In other words, I believe design is to be applied to shape the world as you think it should be. Or as Buckminster Fuller put it “Call me trimtab”.
Thanks for the thoughtful comment Brecht. I feel I might have failed to properly express my hang-up with speculating about the future. I too believe design to an extent shapes the future. But the tricky thing is that what we think is possible is heavily influenced by the possible futures we are familiar with (from, for instance, science fiction). See for instance this piece (PDF) by Bell and Dourish. So it is useful to examine what our visions of the future are, and what gaps there might be in it. Because those blind spots at least partly shape what we will put into action today. Hope that clarifies things a little.
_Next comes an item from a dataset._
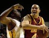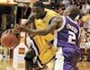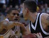 Aldei Gregoire / THE STATE PRESS ASU senior guard Steve Moore drives toward the lane against Washington junior guard Nate Robinson on Sunday at Wells Fargo Arena.
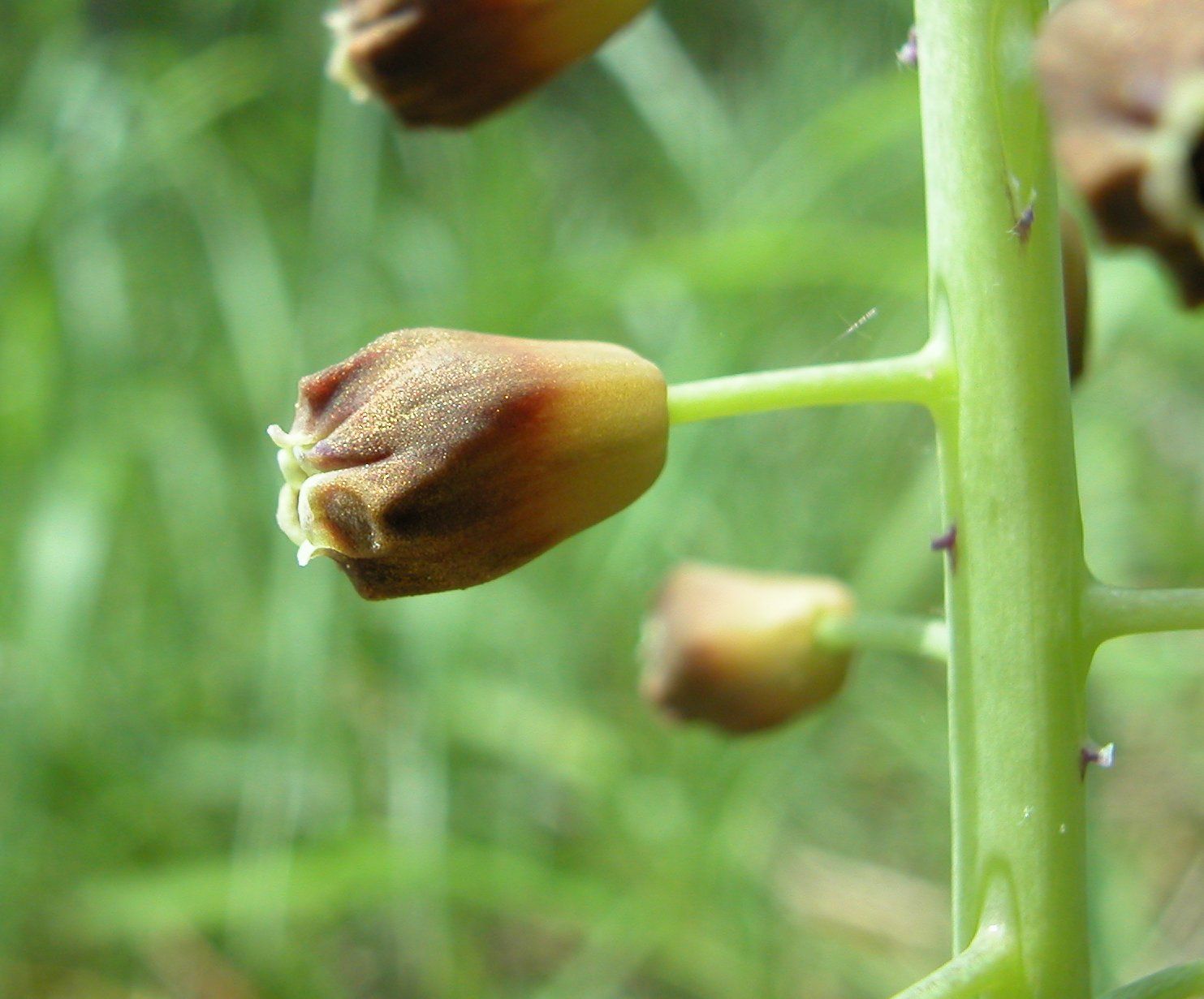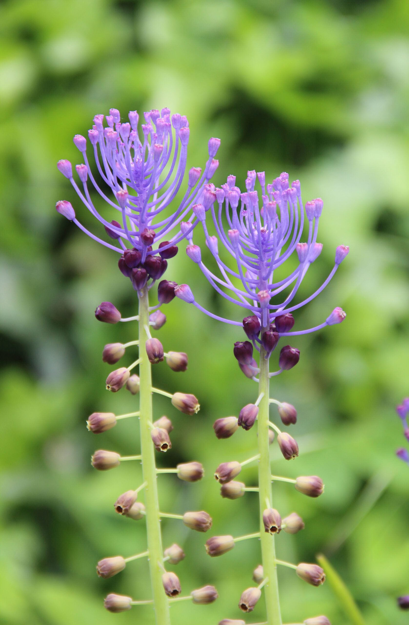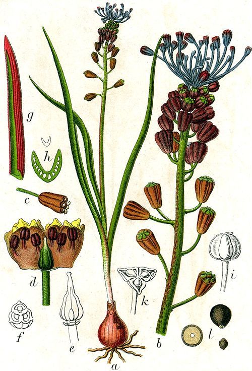 Muscari comosum (L.) Mill. / Homotypic Synonyms: Leopoldia comosa (L.) Parl., it is a bulbous geophyte, bulb, tunics pink. Leaves 3-5(-7), 7-40 (-60) cm x 5-17(-30) mm, linear, usually shorter than scape. Scape 15-50(-80) cm, erect. Raceme 40-80 x 3-6 cm, lax, cylindrical. Pedicels of fertile flowers 4-10(-15) mm, patent, not elongating. Fertile flowers 5-9.5 mm, oblong-urceolate, pale brown; shoulders rounded, darker brown; teeth cream to pale yellowish-brown. Pedicels of sterile flowers 6-25(-40) mm, fleshy, ascending, violet. Sterile flowers 2-6(-10) mm, globose to obovoid, bright violet, shorter than fertile flowers, often numerous, in a conspicuous, usually corymbose terminal tuft. Fruiting raceme 8-40 cm, lax, cylindrical. Capsule 10-15 x 6.5-8 mm, obovoid, emarginate.

In the 50s sci-fi promised us nuclear powered flying cars, instead we got the internet. Link’s not working, I’ll look for the file on the interweb,thanks!
Exactly. “Where’s my jetpack,” right? The link should work now. Made a little mistake.
Yes I agree that the design is the influence of the future, but we are limited by what we can envision. We are limited by our lack of creative vision — no matter how create we may already be. For example, the ancient author of the Book Of Revelation (in the Christian holy book, The Bible) has to try to describe events and items in the future which he has clearly had a vision of, yet when he describes those things he can only refer to the items which exist in his present world. How can he describe things in the future when he doesn’t have a frame of reference which fits for those items?
How do you describe an orange — what it looks like, what it tastes like — to an alien from another planet?
Same concept. Also, a little of the Heisenberg Uncertainty Principle comes into play. By describing our vision of the future we have already begun to alter our present reality and begun to shape our path towards that future.